All of the music featured on “American Jewish Music from the Milken Archives with Leonard Nimoy” is from recordings released by the Milken Archive of American Jewish Music on the Naxos American Classics label, the most comprehensive survey of music related to the American Jewish experience ever assembled on disc, which explores the rich body of Jewish music, both sacred and secular, that has developed over the course of American history. In its breadth and diversity, this abundant repertoire encompasses classical music, sacred works, and theatrical, popular, and folk idioms, reflecting not only the evolution and variety of Jewish life in America, but also the universality of the Jewish experience and its relevance to people of all faiths and backgrounds.

The Milken Archive was created in 1990 by Lowell Milken, chairman of the Milken Family Foundation, who translated his enthusiasm for Jewish music and his family’s commitment to education into this extensive, multi-year project. The entire undertaking has been carried out according to exacting standards of scholarship by Artistic Director Neil W. Levin working with a distinguished panel of musicologists, performing artists, Judaic scholars and cantors, who chose the works to be recorded for their intrinsic musical value and appeal as well as for their Jewish character and inspiration. Introduced in September 2003, the Milken Archive has released 38 of more than 50 recordings to date of some 700 newly recorded works. The balance will be issued throughout 2006.

Source: Naxos listen here

Nimoy to host Jewish music shows on XM Satellite Radio
Associated Press
Sept. 30, 2004, 9:10AM

NEW YORK -- Former "Star Trek" actor Leonard Nimoy is beaming onto the radio.

"American Jewish Music From the Milken Archive With Leonard Nimoy" will explore scared and secular Jewish music from the Milken Archive of Jewish American Music during 13 two-hour episodes on WFMT Radio Network stations and XM Satellite Radio.

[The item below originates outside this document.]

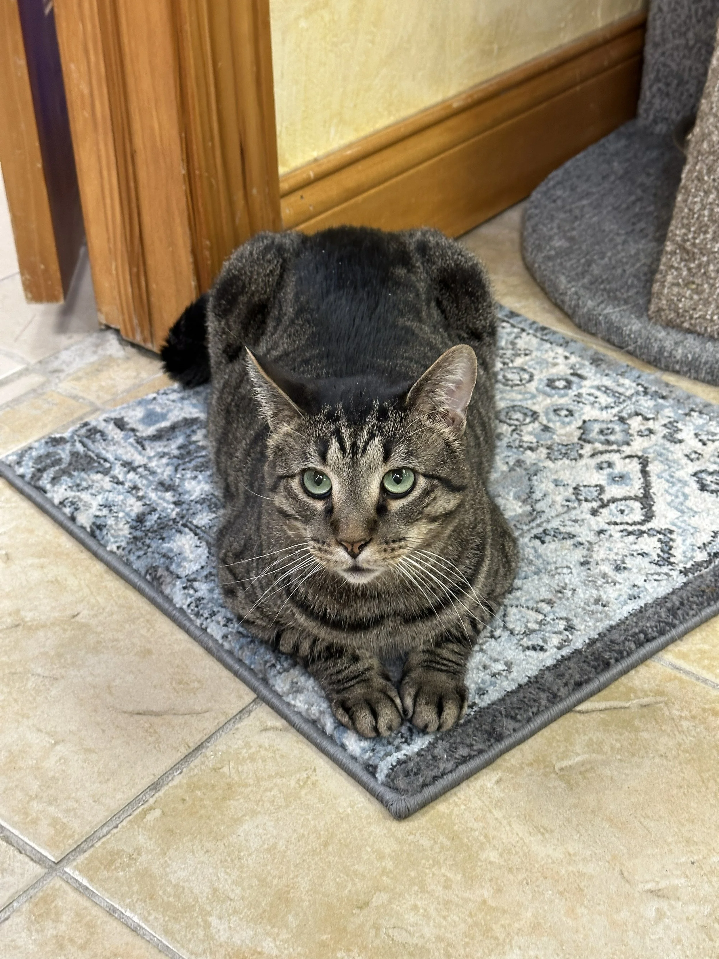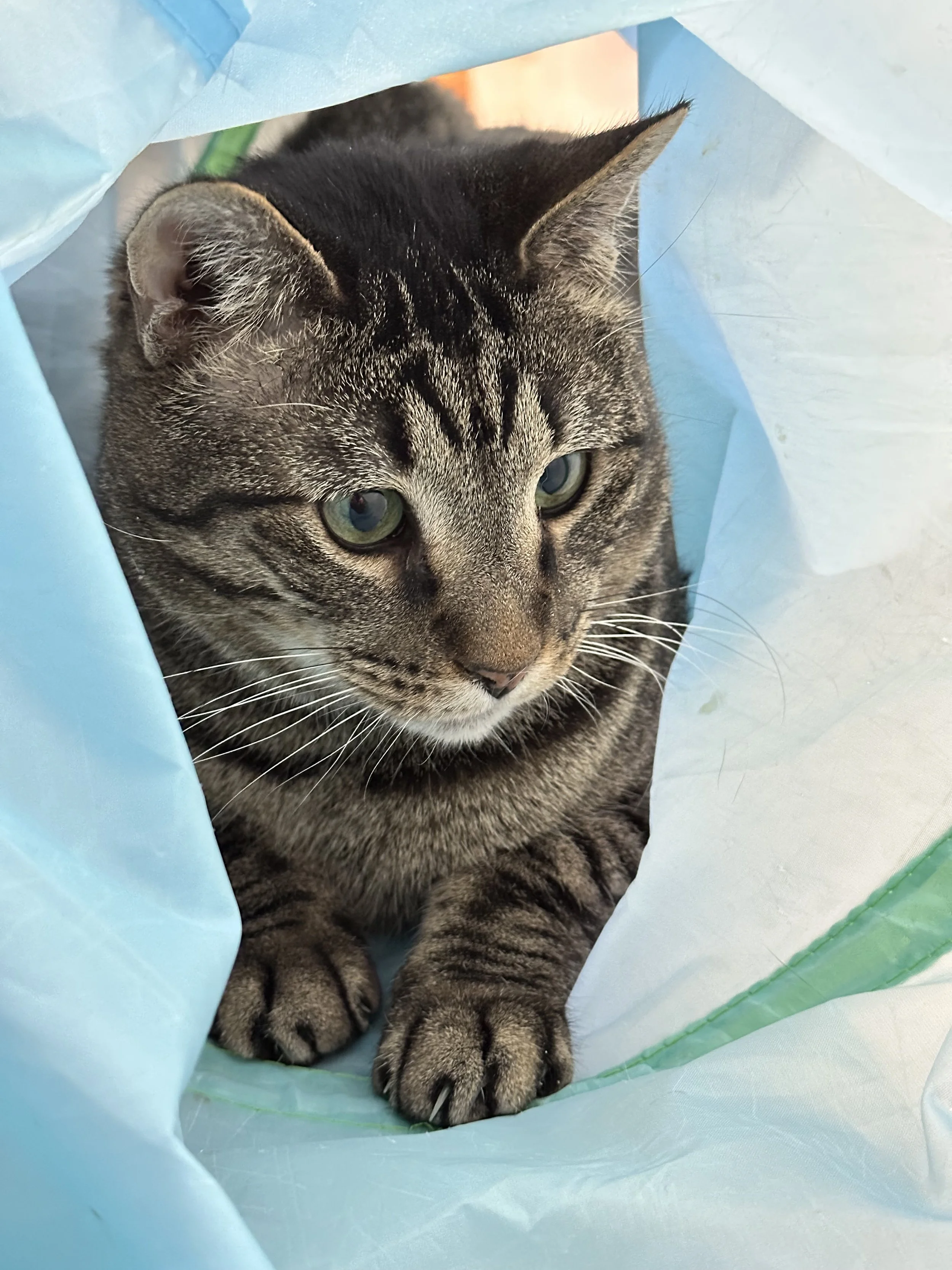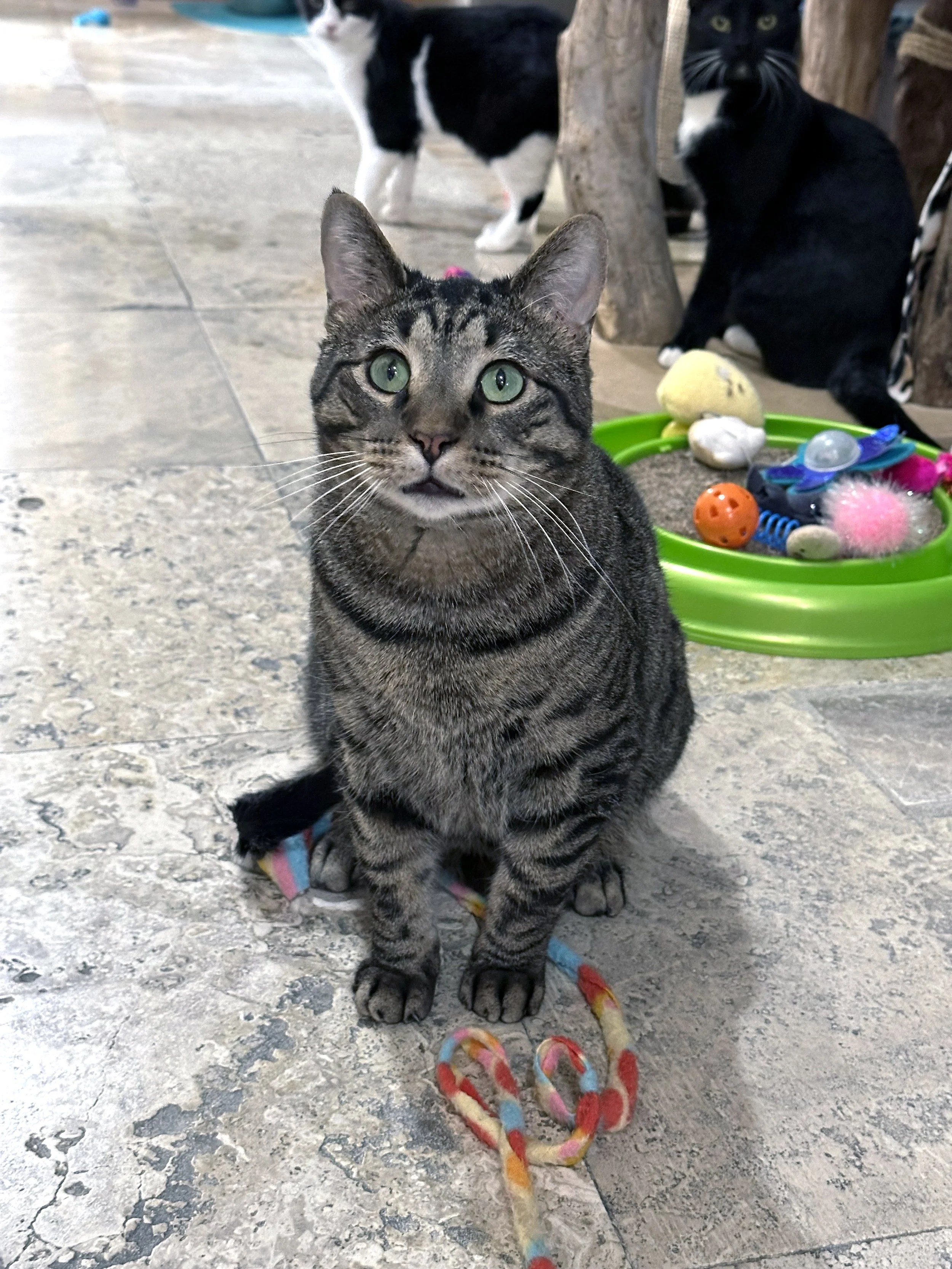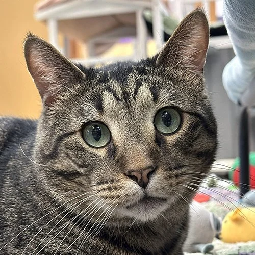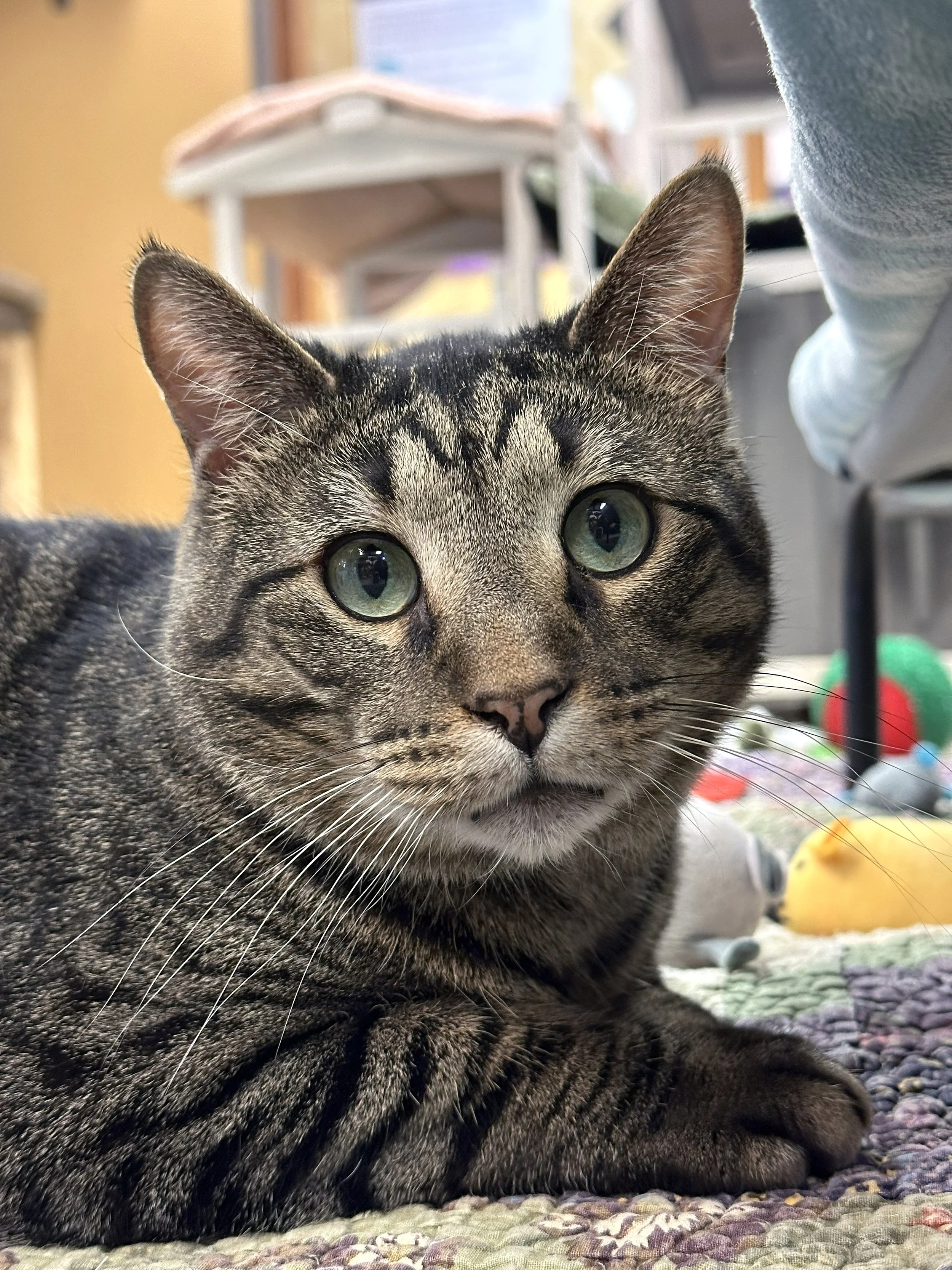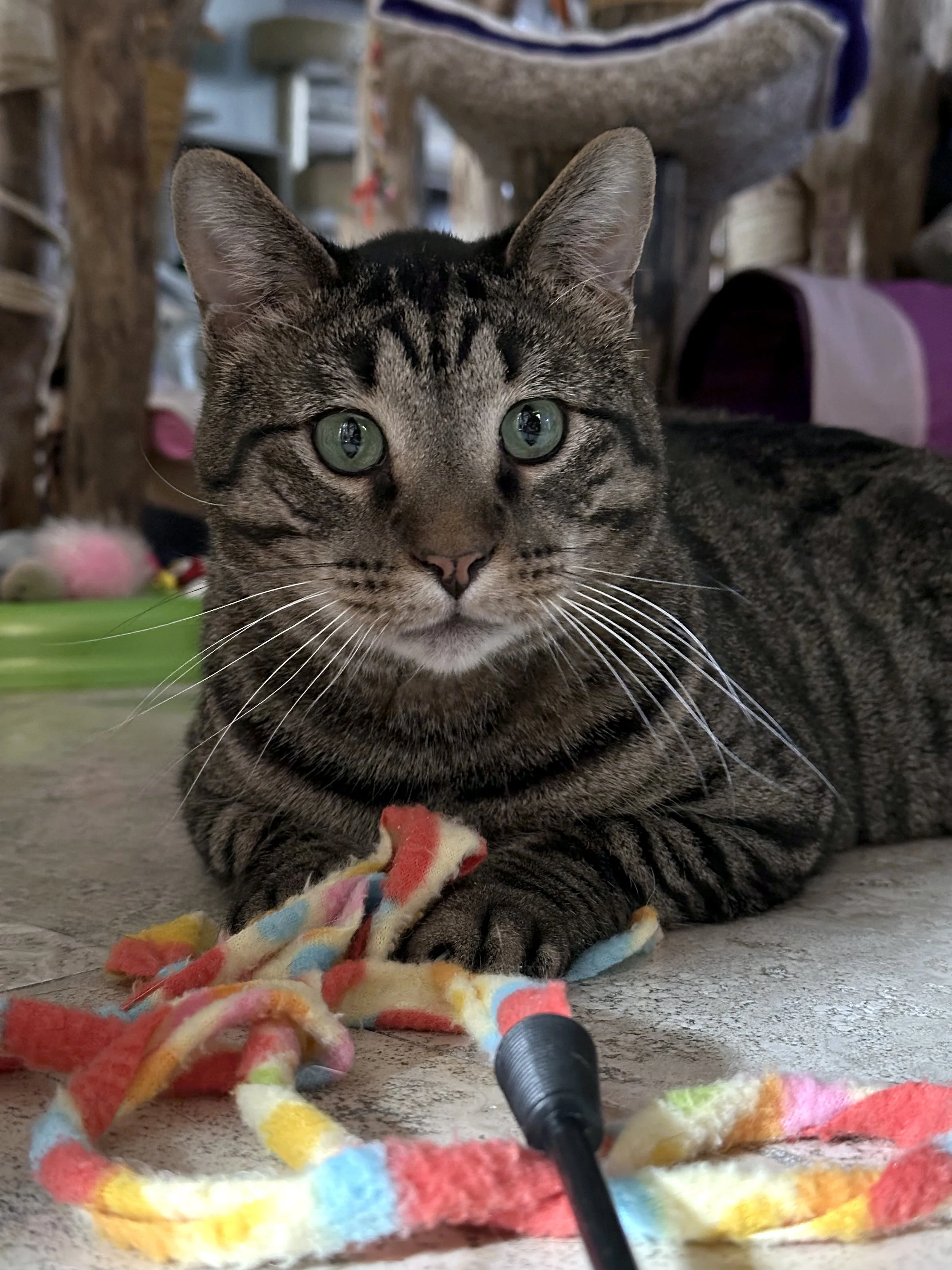 Hi! I'm Crybaby! I am a big, handsome brown tabby with large green eyes. I am pretty timid and like to keep hidden away, but I can be won over with a play session. (FYI: I like the feather toys!)

The series will air beginning Sept. 30.

"I grew up speaking Yiddish at home in Boston and hearing this music during services at synagogue and at social events where my uncle and four cousins played klezmer music," Nimoy said in a statement Friday. "This program and this music makes me feel very much at home."

The series' musical selections will range from biblical epics set to music by Kurt Weill, Jewish legends in tone poems, film scores and operas, symphonies and concertos based on Jewish themes, Yiddish theater songs and world premieres of recently discovered Jewish compositions by Leonard Bernstein.

Source: Houston Chronicle


The Jewish Daily Forward
By David Mermelstein
December 31, 2004

Listening to Classical on the ‘Cool’ Medium
On the Radio

The Milken programs, each running two hours, derive their contents from a series of Milken Archive CDs on the Naxos label. (Currently, 30 titles are available of 52 projected.) Added to the music is Nimoy’s relatively dry commentary and excerpts from interviews in which conductor Gerard Schwarz questions Neil Levin, the archive’s artistic director.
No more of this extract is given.